When I experience heat, what seeps out?
Does the aroma of Christ fill the air?
Do people experience warmth around me?
How I respond to heat is an excellent indicator of what is inside my heart.
Julia’s heart + hot water = Julia’s words, thoughts, and deeds
Hot water often shows up as…
- kids running late
- a plugged toilet
- a look or word from my husband I read as insensitive (sometimes I’m as good at reading his looks as I am at reading tea leaves…)
- the computer crashes
- an oven fire
- disappointing news
- an eye roll (why do eye rolls drive me crazy?)
- a flat tire
- a sick child
- a false accusation
- a poorly timed puddle on the floor under a toddler (really, is there a good time?)
- lack of sleep
- lack of beef
- a long wait in the doctor’s waiting room
- a friend hurt by sin
- an uncharitable judgment about my husband (pastor’s wives often hear these from well-meaning congregants)
- an over-full schedule
- a canceled lunch date
I could go on and on and on. Heat shows up in my days a lot.
How I choose to respond to the heat reveals what is in my heart.
I am sad to say a lot of the time it reveals idolatry, selfishness, bitterness, anger, self-righteousness, and judgment.
I therefore… urge you to walk in a manner worthy of the calling to which you have been called, with all humility and gentleness, with patience, bearing with one another in love, eager to maintain the unity of the Spirit in the bond of peace…. Let all bitterness and wrath and anger and clamor and slander be put away from you, along with all malice. Be kind to one another, tenderhearted, forgiving one another, as God in Christ forgave you. Ephesians 4:1-3, 31-32
Is my heart so full of the peace of Christ, of his forgiveness, of his calling that grace seeps out of me when I am under pressure?
I had the heart-rending privilege of watching a godly man in the final stages of brain cancer several years ago. It was a time so precious – it inspired worship and joy in the midst of great grief and sorrow. In the final weeks, days, hours and minutes of his life, as his mind lost clarity and he failed to understand who we were and what was happening, hymns and scripture seeped out. He struggled to form sentences of his own, but he could call to mind the words of Christ. He was so full of grace and mercy and scripture and kindness and goodness and song and wisdom and hope that the aroma of Christ filled the room – even as he suffered great pain and the humiliation that comes with others caring for your every physical need.

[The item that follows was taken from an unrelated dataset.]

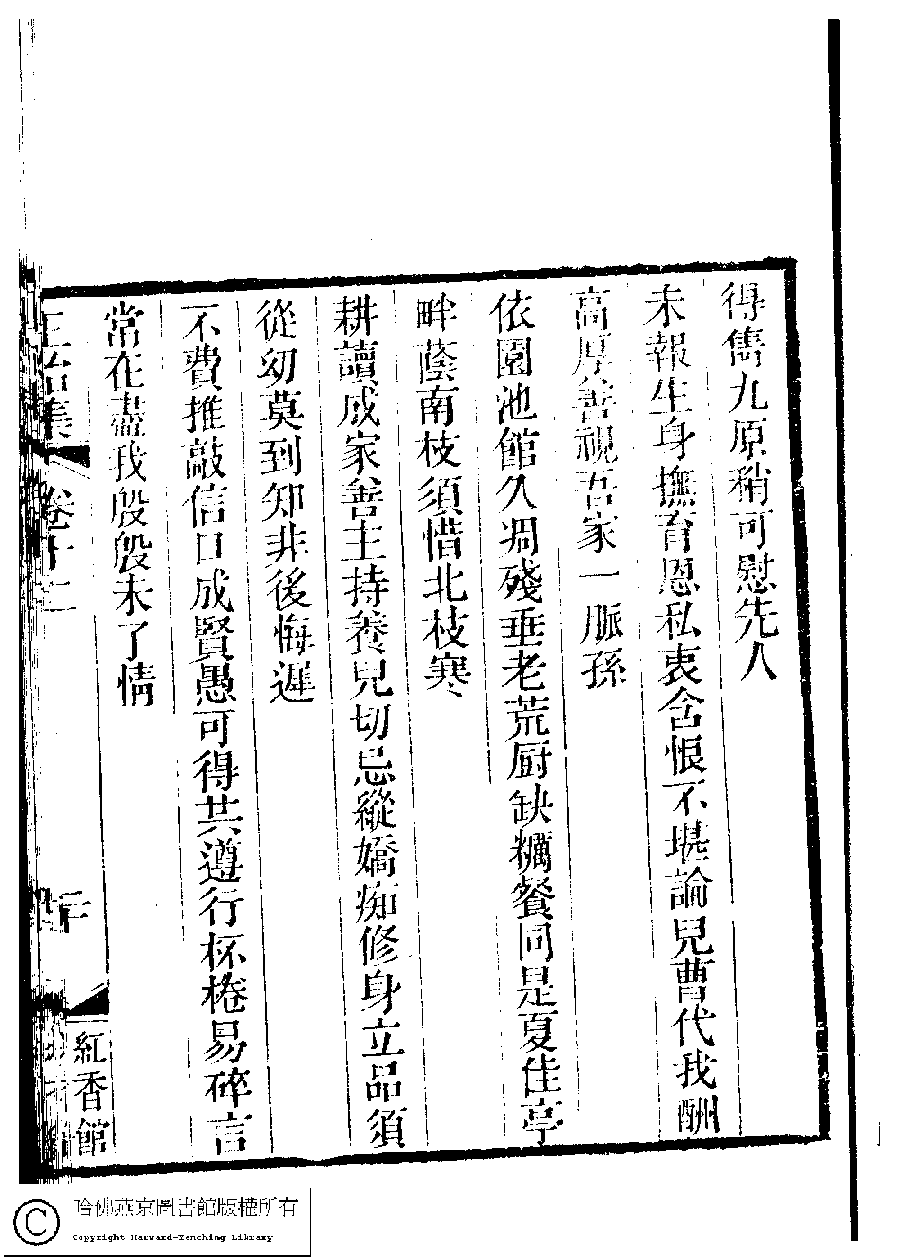 | 誌懷詩十六首訓諸子及孫曾輩(錄六) Zhi huai shi shi liu shou xun zhu zi ji sun zeng bei (lu liu) 詩 - 七言律詩 shi - qiyanlüshi 左氏﹐字蕉窗﹐又名左北堂 Zuo shi, zi: Jiaochuang 國朝閨秀正始集﹕二十卷﹐附錄﹕一卷﹐補遺﹕一卷﹐又附題詞﹕一卷(清惲珠輯) Guo chao gui xiu zheng shi ji: 20 juan, fu lu: 1 juan, bu yi: 1 juan, you fu ti ci: 1 juan (edited by Yun Zhu, Qing dynasty) , pp. 12.19b,12.20a. |

He got to the place of grace because he’d trained his heart and mind so thoroughly for seventy-some-odd years. When he could no longer hold the reins, his heart and mind new the way home.

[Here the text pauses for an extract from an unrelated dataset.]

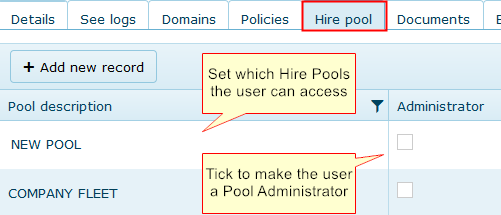 •Pool Administrator: Gives access to administrator functions for assigned Hire Pools

I want to live like that. I want to show grace under pressure.
But the truth is in the teabag, right? And my heart-tea doesn’t taste very good, sometimes.
Right now I could very easily feel condemned. Heat in my life regularly reveals a heart packed with sin.
Condemnation is the work of the devil, who wants me to drink my cup of sin. Condemnation wants me to hide my sin with guilt and shame – and threatens to expose my sin to increase my shame. Condemnation offers despair and it weighs me down with lies, defeat, and discouragement. Condemnation uses my tea to point me toward to a hopeless future.
Satan would like nothing more than to defeat me with the evidence I find in my cup. After all, he prowls around like a lion searching for someone to devour (1 Peter 5:8), right?
But scripture teaches there is no condemnation for those who are in Christ (Romans 8:1).
There is a huge difference between being convicted of sin and being condemned by sin. Conviction is the prompting of the Holy Spirit, who lives in my heart and sees all that sin even before it seeps. Conviction shines light on my sin so I can see its cruel chains. Conviction offers hope and motivates me to repent, to seek truth, to train and practice grace. Conviction uses my tea to point me toward Christ.
My sweet friend who died such a horrible and grace-filled death didn’t get to that place in an instant. It took the better part of his seventy-some-odd years to get there. He learned well, and taught me with words and by example, what it is to live convicted by the Holy Spirit. It is in the sweet place of conviction I find hope.
Please – don’t look at your tea and see the future.